Le lendemain, le conseil de guerre dans son ensemble entra précipitamment dans la cité des Sept Chemins. Dans une attitude froide et contrôlée qui jurait avec l’affolement de la cour, Ugmar présenta la situation au tribun de la plèbe. La coalition des nains et des peuples élémentaires assiégeaient actuellement Zulla tandis que les troupes elfes se trouvaient bloquées dans la passe des montagnes noires, à la merci d’une contre-attaque de l’Orcania. L’empire ne s’était jamais trouvé si menacé. Mettre le roi et le dauphin en sûreté constituait à présent la priorité absolue. Il fallait les envoyer à l’imprenable forteresse des trois oliphants où se trouvait déjà le reste de la famille royale selon les messages transmis par pigeons voyageurs. Malheureusement, les pégases refusaient de franchir les remparts gnomes car cela signifiait pour eux abandonner les licornes, soit une partie de leur peuple. Le grand chambellan sollicitait donc l’assistance de Ome parce qu’il était le seul en capacité d’emmener le roi Roll et le prince héritier Sirius à la forteresse des trois oliphants.

« Que me proposez-vous en échange ? »

« Comment oses-tu profiter de la situation ! Tu ne vaux pas plus que tous ceux de ton espèce, sale dernier né ! Nous sommes tes rois ! » fulmina le prince Sirius.

« Oui, mais moi je suis le seul à avoir un rokh, Sirius ! »

« Que veux-tu en reconnaissance de l’aide que tu apportes à l’empire, mon garçon ? »

« Un titre pour le chef de chacune des forteresses. Je ne suis pas dupe, Grand Chambellan. Vous nous octroyez la passe des montagnes noires pour nous mettre en première ligne. Pour l’instant, si je décède, vous récupérez votre fief et les hommes perdront l’acquis de leur émancipation. »

« Jamais ! » s’offusqua le prince Sirius, accompagné dans son indignation par l’ensemble de la délégation. « C’est un chantage ! »

« Parfaitement, prince Sirius ! C’est du chantage ! Pour survivre et sortir de la misère, mon peuple n’a que cette alternative pour l’instant. »

« Cela va prendre du temps de rédiger tous ces documents officiels ! » argumenta le baron Ugmar.
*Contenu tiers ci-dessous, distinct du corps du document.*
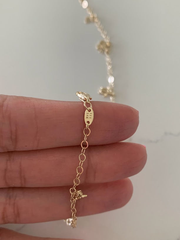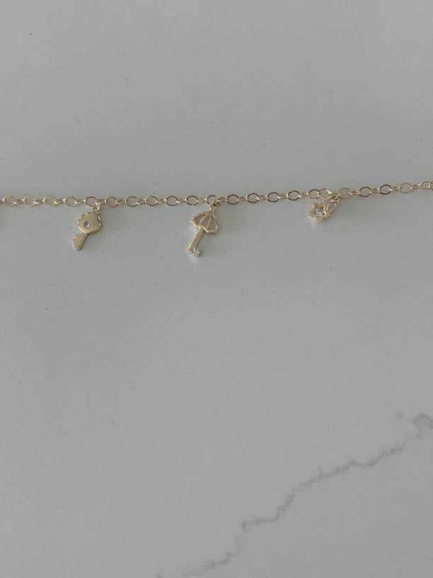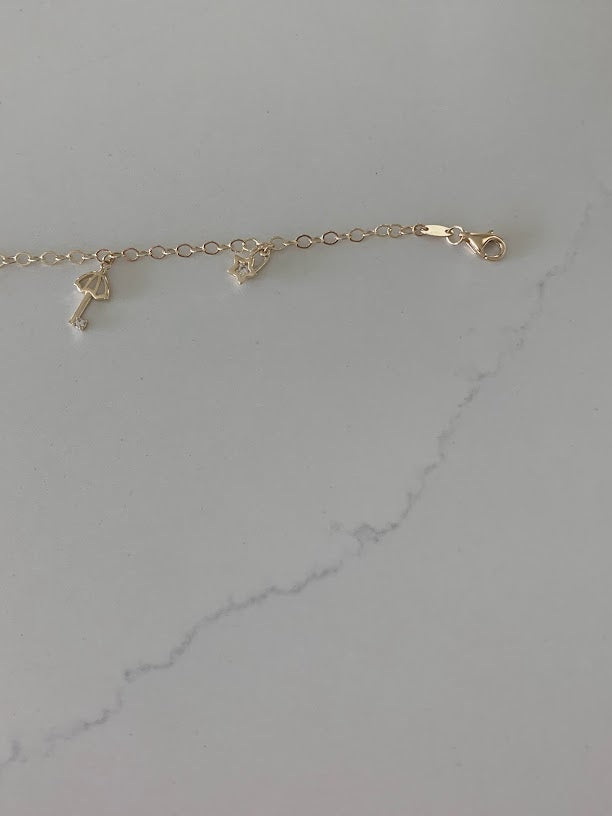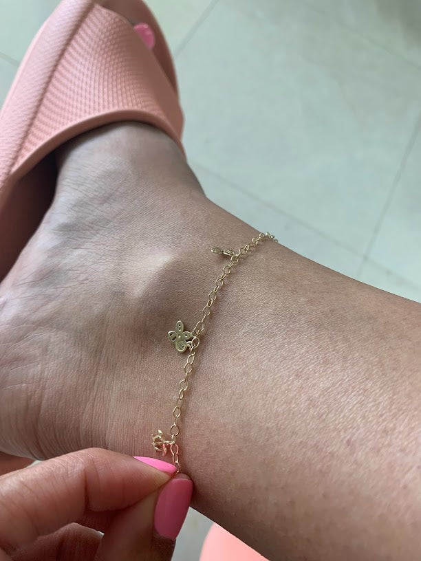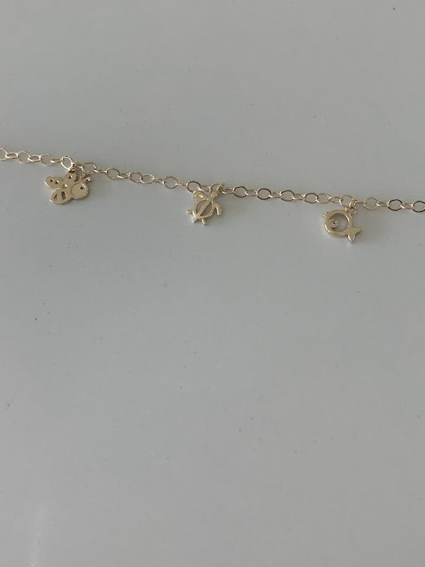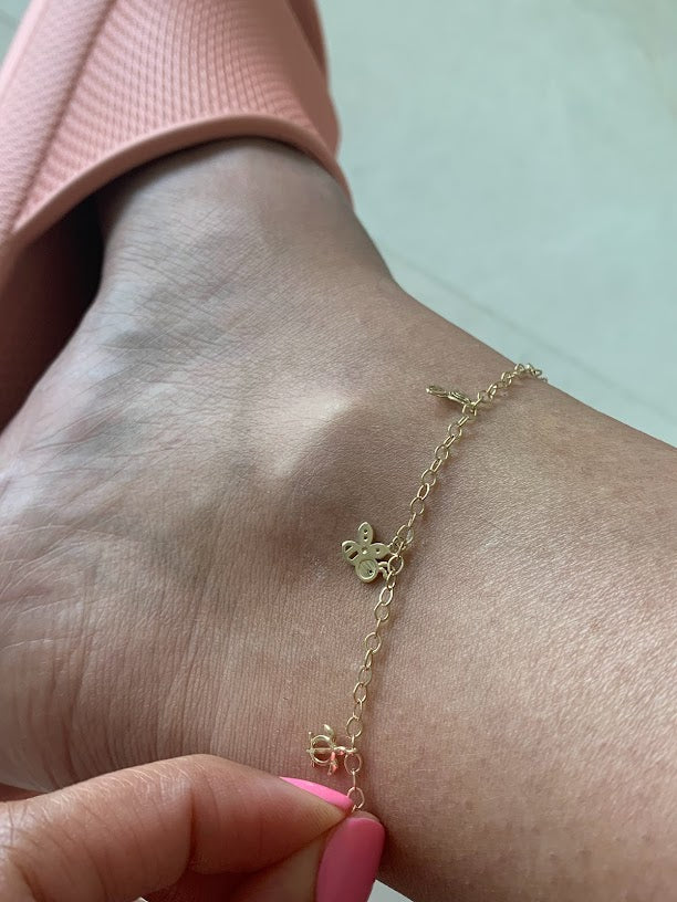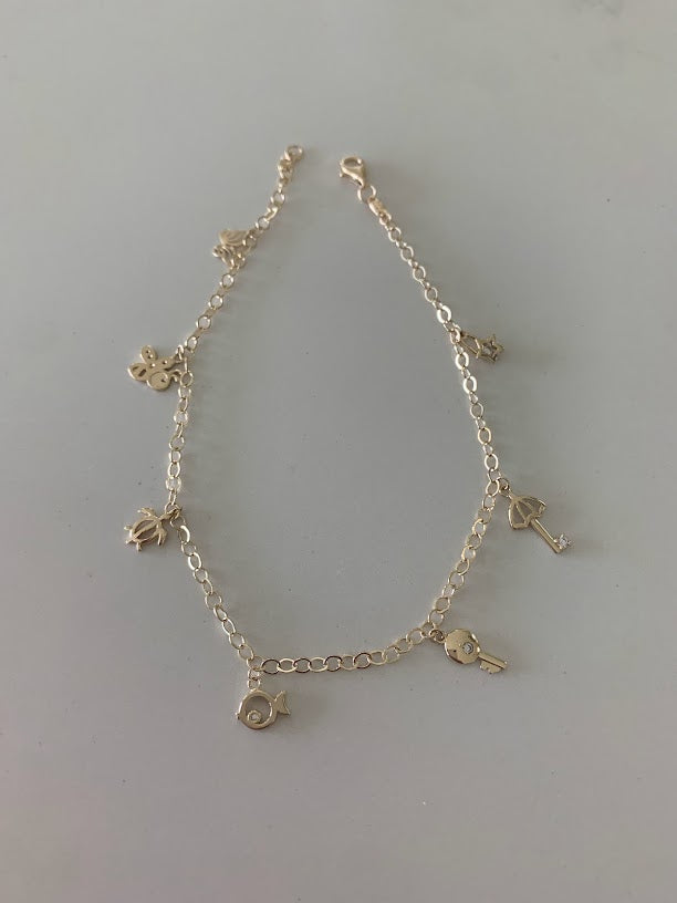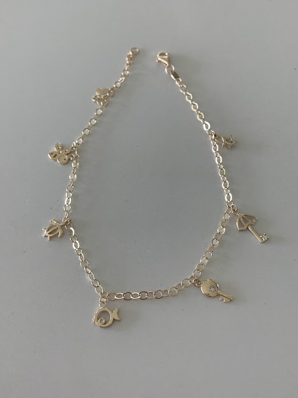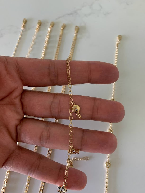 14K Gold Cable Anklet with Pendants, Bee, Key, Star, Turtle, Butterfly, Fish, Umbrella, Real 14K Gold Anklet, Gold Ankle Bracelet for Women

« Les titres de noblesses sont déjà rédigés ! Roi Roll, il suffit juste que vous signiez et apposiez votre sceau. »

Ome claqua des doigts et Isabelle, sa seconde apporta une liasse de parchemins et un encrier. En tant qu’apprenti espion, il avait été aux premières loges pour observer toutes les manigances d’Ugmar. Et aujourd’hui, comme son mentor en politique, il avait un coup d’avance. Il avait fait rédiger ces titres de noblesse dès l’obtention de la cité des Sept Chemins. Il possédait déjà une vision sur le développement futur de son peuple.
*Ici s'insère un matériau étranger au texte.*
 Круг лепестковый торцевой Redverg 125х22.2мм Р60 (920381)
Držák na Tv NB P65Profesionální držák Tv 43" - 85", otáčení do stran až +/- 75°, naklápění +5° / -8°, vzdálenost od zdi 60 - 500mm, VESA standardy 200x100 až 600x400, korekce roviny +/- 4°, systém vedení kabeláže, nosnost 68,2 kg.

Étonnamment, le Grand Chambellan persuada son roi à signer les documents malgré les protestations des nobles. La sécurité de la monarchie semblait primer sur le reste pour le baron Ugmar.
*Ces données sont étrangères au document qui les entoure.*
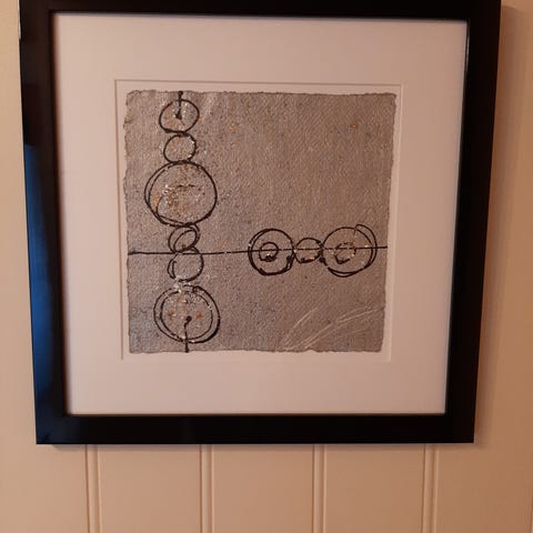 Det innrammede verket måler totalt ca. 30 x 28 cm, og sølvdelen er ca. 12 x 9 cm og har intrikate detaljer av en liten fiskerlandsby i Italia, det ligger fiskebåter på stranden, og en seilbåt på sjøen. Vakkert håndmalte høydepunkter.

Ome apprêta Flèche pour emmener les membres de la famille régnante. Puis le tribun de la plèbe distribua les titres à ses hommes de confiance. Il délégua ensuite l’administration de Sept Chemins à Isabelle, nouvelle chevalière du chemin des feuilles, tandis que le souverain donnait ses directives à son conseil de guerre qui resterait sur place pour diriger l’armée.

Puis Ome, le nouveau chevalier au loup emmena son suzerain jusqu’à la citadelle imprenable. Le voyage ne fut pas de tout repos. Depuis qu’il avait quitté le sac microcosmique, le rokh s’éprenait de liberté. Ome sentait bien que l’oiseau n’aspirait qu’à une chose, retourner sur le territoire que son maître lui avait offert et retrouver ses femelles. Lorsqu’ils arrivèrent à la forteresse des trois oliphants, le rapace refusa de rentrer le sac et abandonna celui qui l’avait élevé au profit de l’appel de la nature. « Tant pis, je rentrerai à cheval quand la cour vous aura rejoint ici ! Le grand chambellan me prêtera bien un destrier après le service que je viens de vous rendre ! » répondit le chef des hommes au sarcasme du prince Sirius. Le roi était enfin en sécurité.